Since then, Tom’s team has been working on yet another way to bend the rules of v-sync. Rolling out with Pascal is a new v-sync mode that NVIDIA is calling Fast Sync, and it is designed to offer yet another way to reduce input lag while maintaining v-sync.

It’s interesting to note that Fast Sync isn’t a wholly new idea, but rather a modern and more consistent take on an old idea: triple buffering. While in modern times triple buffering is just a 3-deep buffer that is run through as a sequential frame queue, in the days of yore some games and video cards handled triple buffering a bit differently. Rather than using the 3 buffers as a sequential queue, they would instead always overwrite the oldest buffer. This small change had a potentially significant impact on input lag, and if you’re familiar with old school triple buffering, then you know where this is going.

With Fast Sync, NVIDIA has implemented old school triple buffering at the driver level, once again making it usable with modern cards. The purpose of implementing Fast Sync is to reduce input lag in modern games that can generate a frame rate higher than the refresh rate, with NVIDIA specifically targeting CS:GO and other graphically simple twitch games.

But how does Fast Sync actually reduce input lag? To go into this a bit further, we have an excellent article on old school triple buffering from 2009 that I’ve republished below. Even 7 years later, other than the name the technical details are all still accurate to NVIDIA’s Fast Sync implementation.

What are Double Buffering, V-sync, and Triple Buffering?

When a computer needs to display something on a monitor, it draws a picture of what the screen is supposed to look like and sends this picture (which we will call a buffer) out to the monitor. In the old days there was only one buffer and it was continually being both drawn to and sent to the monitor. There are some advantages to this approach, but there are also very large drawbacks. Most notably, when objects on the display were updated, they would often flicker.

In order to combat the issues with reading from while drawing to the same buffer, double buffering, at a minimum, is employed. The idea behind double buffering is that the computer only draws to one buffer (called the "back" buffer) and sends the other buffer (called the "front" buffer) to the screen. After the computer finishes drawing the back buffer, the program doing the drawing does something called a buffer "swap." This swap doesn't move anything: swap only changes the names of the two buffers: the front buffer becomes the back buffer and the back buffer becomes the front buffer.

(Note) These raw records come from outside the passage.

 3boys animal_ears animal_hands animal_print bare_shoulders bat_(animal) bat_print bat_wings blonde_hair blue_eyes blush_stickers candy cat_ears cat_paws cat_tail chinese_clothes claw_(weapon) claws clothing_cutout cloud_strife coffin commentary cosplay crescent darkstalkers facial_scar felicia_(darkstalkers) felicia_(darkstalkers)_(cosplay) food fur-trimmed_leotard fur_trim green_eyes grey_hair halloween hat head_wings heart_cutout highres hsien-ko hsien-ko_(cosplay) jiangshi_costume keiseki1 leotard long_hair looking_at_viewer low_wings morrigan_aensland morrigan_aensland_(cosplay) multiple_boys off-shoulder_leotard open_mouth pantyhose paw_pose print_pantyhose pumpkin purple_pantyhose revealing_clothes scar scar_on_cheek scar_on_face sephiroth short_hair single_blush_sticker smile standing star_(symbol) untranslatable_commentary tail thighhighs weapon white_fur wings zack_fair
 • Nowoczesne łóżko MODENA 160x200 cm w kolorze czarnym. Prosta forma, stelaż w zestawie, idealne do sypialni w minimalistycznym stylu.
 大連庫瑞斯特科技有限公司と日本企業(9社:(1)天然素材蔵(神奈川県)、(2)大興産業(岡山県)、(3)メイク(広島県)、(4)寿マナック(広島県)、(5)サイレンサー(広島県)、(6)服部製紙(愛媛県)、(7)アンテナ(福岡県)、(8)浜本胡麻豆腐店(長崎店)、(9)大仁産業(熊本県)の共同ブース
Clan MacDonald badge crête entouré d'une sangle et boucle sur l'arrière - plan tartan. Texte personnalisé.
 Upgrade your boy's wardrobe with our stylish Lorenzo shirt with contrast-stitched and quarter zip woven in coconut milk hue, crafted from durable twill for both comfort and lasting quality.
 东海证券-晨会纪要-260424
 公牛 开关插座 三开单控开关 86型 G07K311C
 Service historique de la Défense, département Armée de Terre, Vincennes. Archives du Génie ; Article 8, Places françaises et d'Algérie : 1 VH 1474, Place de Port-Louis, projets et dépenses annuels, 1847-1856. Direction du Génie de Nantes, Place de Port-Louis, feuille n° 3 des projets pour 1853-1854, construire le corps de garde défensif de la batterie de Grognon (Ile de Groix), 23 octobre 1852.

After a buffer swap, the software can start drawing to the new back buffer and the computer sends the new front buffer to the monitor until the next buffer swap happens. And all is well. Well, almost all anyway.

In this form of double buffering, a swap can happen anytime. That means that while the computer is sending data to the monitor, the swap can occur. When this happens, the rest of the screen is drawn according to what the new front buffer contains. If the new front buffer is different enough from the old front buffer, a visual artifact known as "tearing" can be seen. This type of problem can be seen often in high framerate FPS games when whipping around a corner as fast as possible. Because of the quick motion, every frame is very different, when a swap happens during drawing the discrepancy is large and can be distracting.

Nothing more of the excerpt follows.